_INSTRUCTIONS FOR THE TASK:_ As soon as the line containing "Ooga Lights Battery" appears, start repeating lines exactly and continue to the end of the entries; please skip pictures.

_Records contained in a dataset:_
- Opening Delimiter -

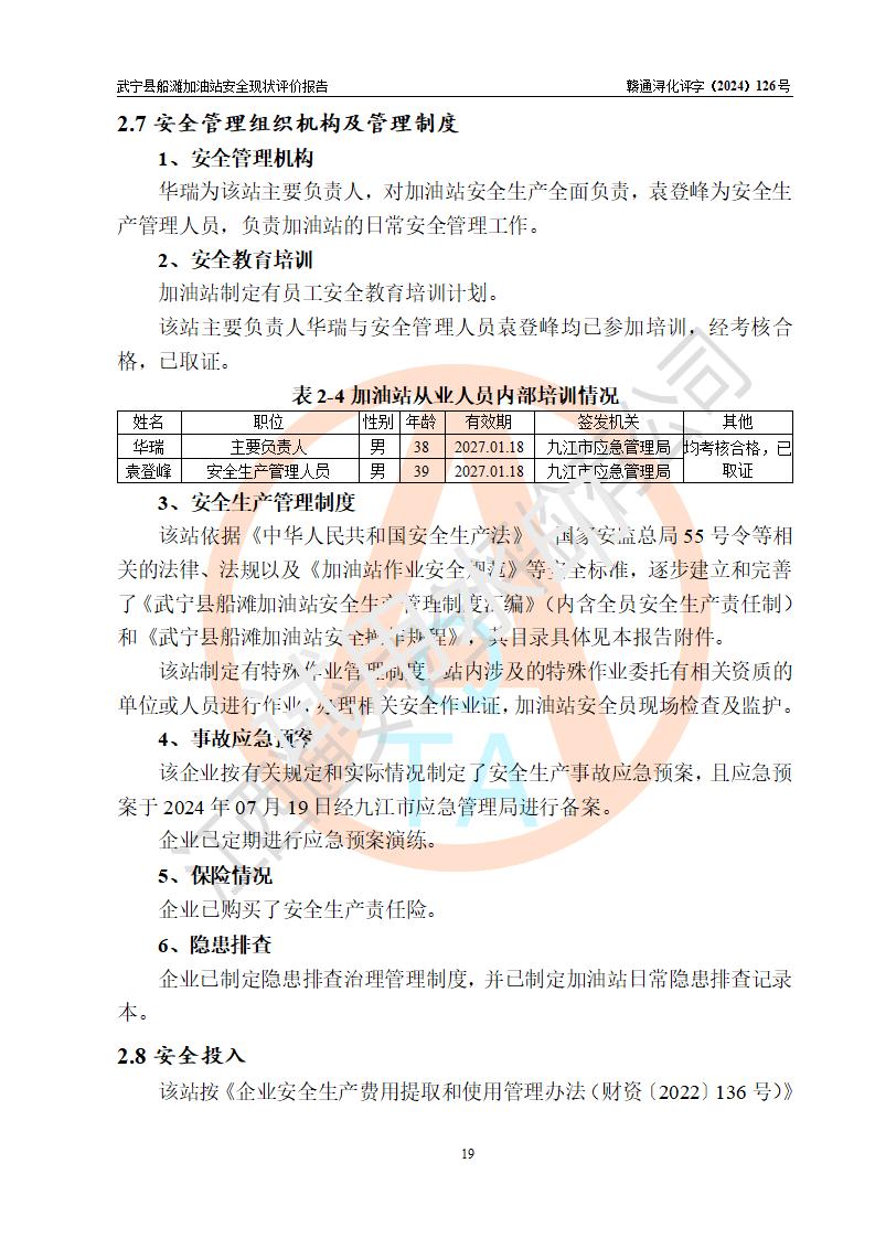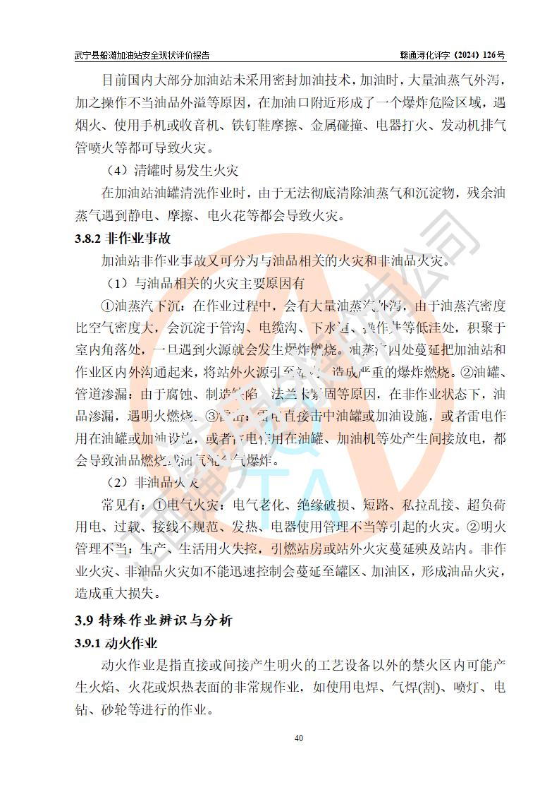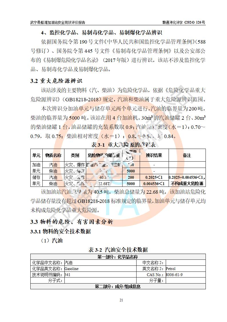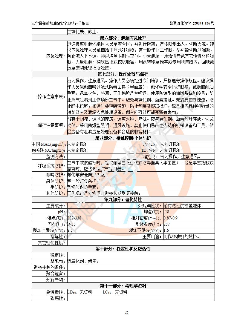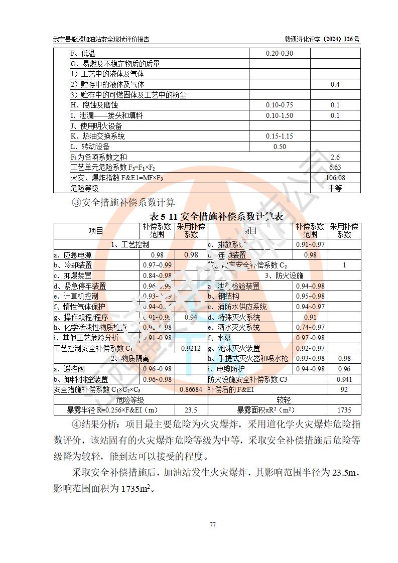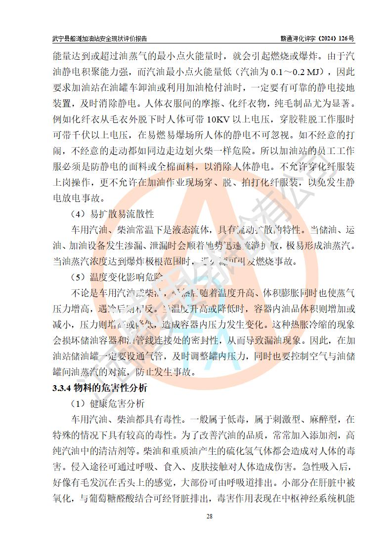 評(píng)價(jià)結(jié)論 | 武寧縣船灘加油站涉及的安全條件、安全經(jīng)營(yíng)條件、安全生產(chǎn)管理符合《危險(xiǎn)化學(xué)品經(jīng)營(yíng)許可證管理辦法》、《汽車加油加氣加氫站技術(shù)標(biāo)準(zhǔn)》等**有關(guān)法規(guī)、標(biāo)準(zhǔn)、規(guī)范要求,能滿足危險(xiǎn)化學(xué)品經(jīng)營(yíng)安全條件。 | |||
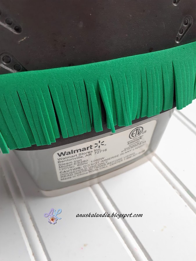 3.- Ponemos la plancha a calentar. Vamos colocando por tramos la goma eva, justo hasta que veamos que se separa de la plancha. El tiempo para que suceda esto, es de aproximadamente 45 segundos, esto dependerá de cada plancha.
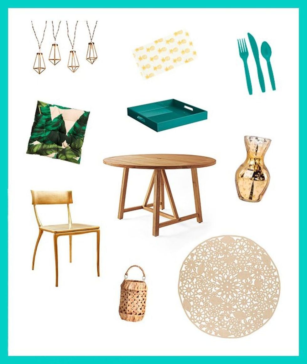 Ooga Lights Battery Powered Gold Wire Diamond LED Lights ($15), Oh Happy Day Pineapple Napkins ($10, set of 16), Cheeky Turquoise Disposable Cutlery ($3), Luna Bazaar Gold Adelaide Mercury Glass Bud Vase ($8), Lulu & Georgia Frilancy Indoor/Outdoor Rug ($98+), H&M Candle Lantern ($18), CB2 Midas Gold Dining Chair ($299), H&M Cotton Seat Cushion ($13), Serena & Lily Crosby Teak Round Dining Table ($1498), CB2 Hi-Gloss Square Blue Green Tray ($30)
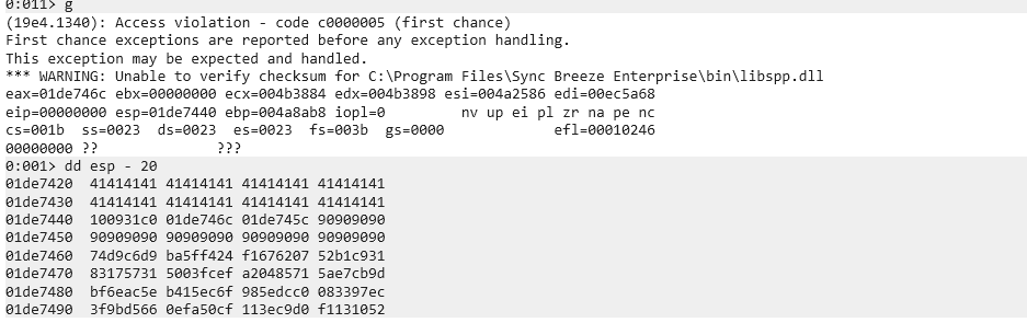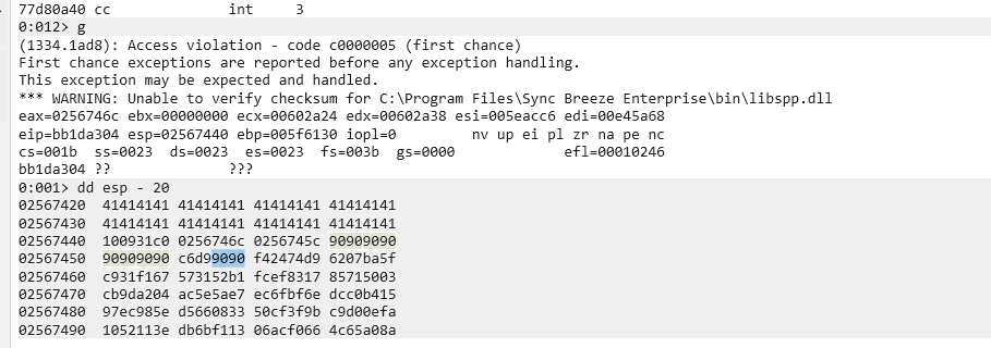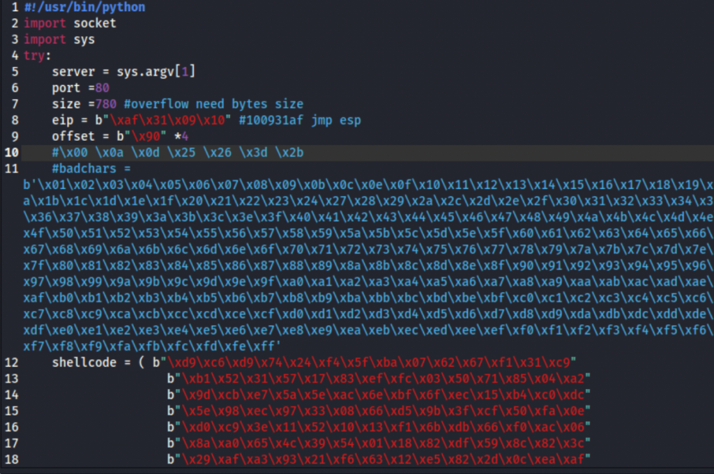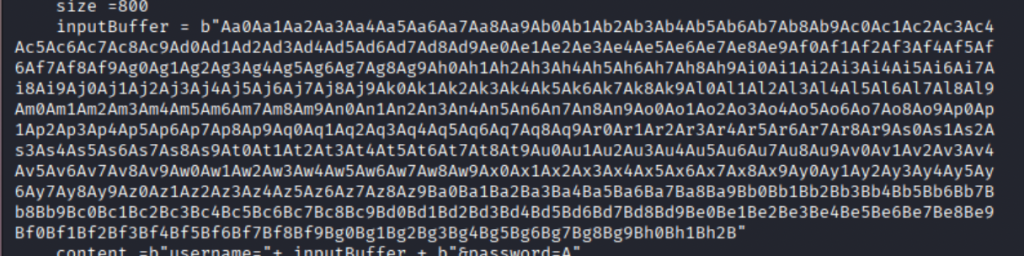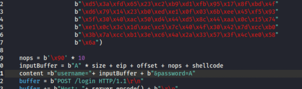 inputBuffer = b"A" * size + eip + offset + nops + shellcode
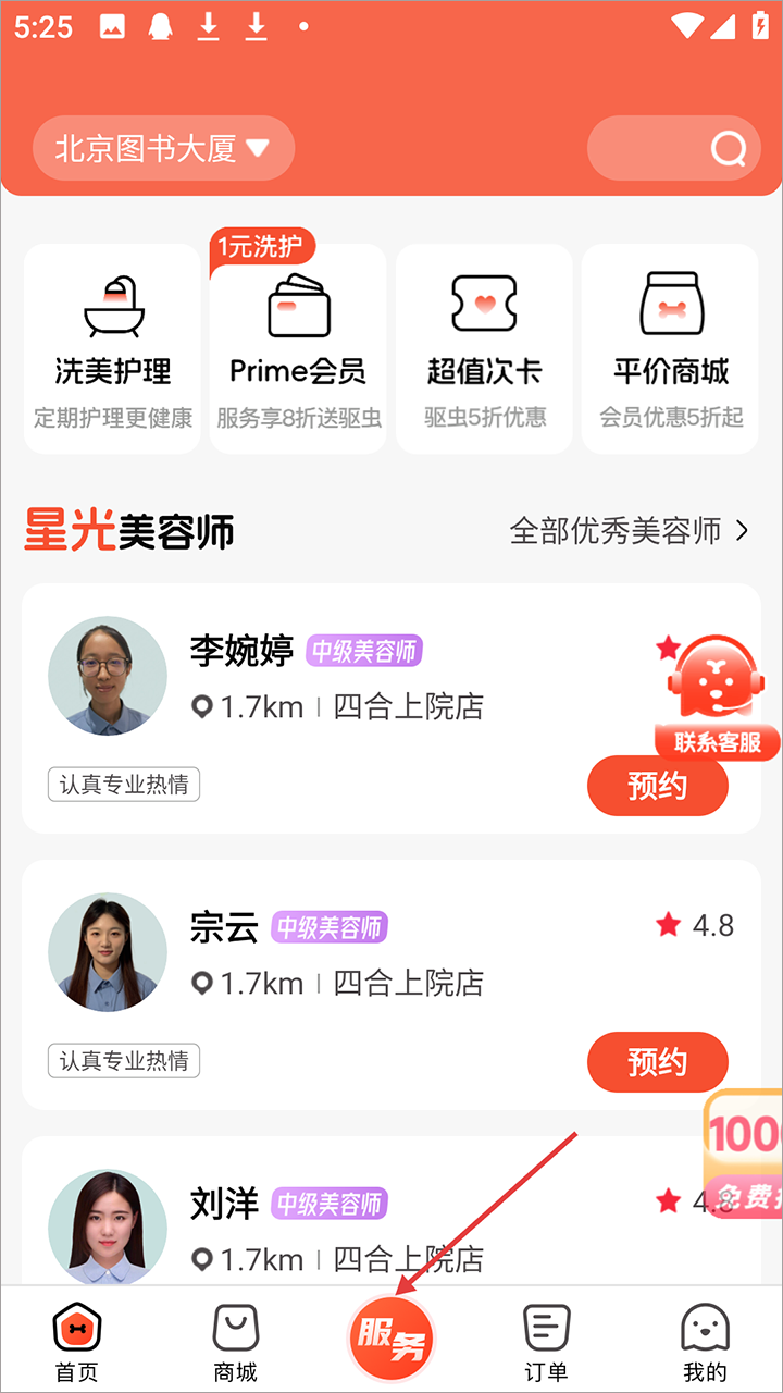 4、点击服务这里面可以预约上门给宠物洗澡等等;
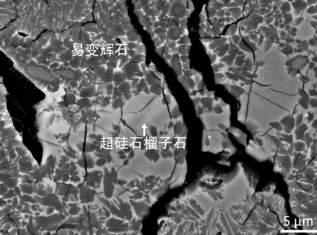 图3. NWA 8326中充填于易变辉石晶间的超硅石榴子石背散射电子像
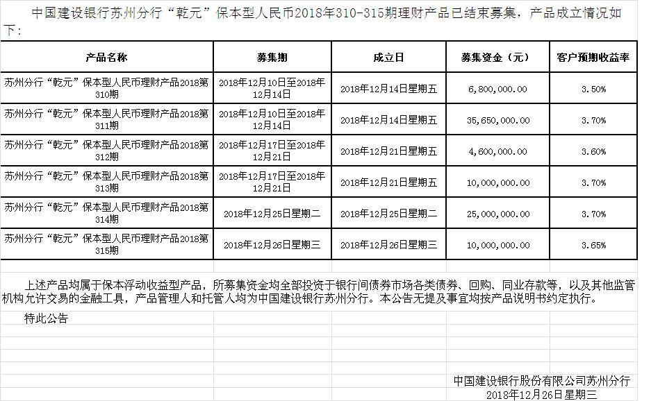 中国建设银行苏州分行“乾元”保本型人民币2018年310-315期理财产品成立公告

- Closing Delimiter -

_RESULT:_
 Ooga Lights Battery Powered Gold Wire Diamond LED Lights ($15), Oh Happy Day Pineapple Napkins ($10, set of 16), Cheeky Turquoise Disposable Cutlery ($3), Luna Bazaar Gold Adelaide Mercury Glass Bud Vase ($8), Lulu & Georgia Frilancy Indoor/Outdoor Rug ($98+), H&M Candle Lantern ($18), CB2 Midas Gold Dining Chair ($299), H&M Cotton Seat Cushion ($13), Serena & Lily Crosby Teak Round Dining Table ($1498), CB2 Hi-Gloss Square Blue Green Tray ($30)
 inputBuffer = b"A" * size + eip + offset + nops + shellcode
 4、点击服务这里面可以预约上门给宠物洗澡等等;
 图3. NWA 8326中充填于易变辉石晶间的超硅石榴子石背散射电子像
 中国建设银行苏州分行“乾元”保本型人民币2018年310-315期理财产品成立公告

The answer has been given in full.